▶ [Provided data]
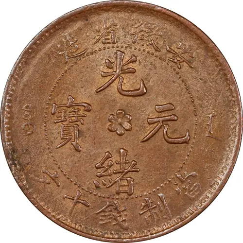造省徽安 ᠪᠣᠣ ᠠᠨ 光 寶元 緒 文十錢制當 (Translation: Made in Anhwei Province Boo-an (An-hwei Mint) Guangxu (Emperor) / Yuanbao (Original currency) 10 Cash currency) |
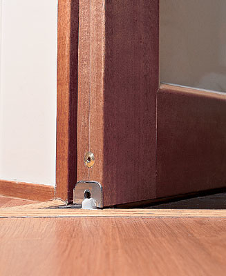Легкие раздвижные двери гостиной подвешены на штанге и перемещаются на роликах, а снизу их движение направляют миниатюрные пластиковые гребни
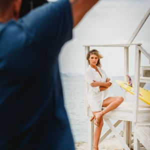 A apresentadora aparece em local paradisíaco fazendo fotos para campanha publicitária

▶ [What the task asks] Wherever an image appears in the data, omit it and repeat everything else exactly.

▶ [Answer to this task]
造省徽安 ᠪᠣᠣ ᠠᠨ 光 寶元 緒 文十錢制當 (Translation: Made in Anhwei Province Boo-an (An-hwei Mint) Guangxu (Emperor) / Yuanbao (Original currency) 10 Cash currency) |
Легкие раздвижные двери гостиной подвешены на штанге и перемещаются на роликах, а снизу их движение направляют миниатюрные пластиковые гребни
 A apresentadora aparece em local paradisíaco fazendo fotos para campanha publicitária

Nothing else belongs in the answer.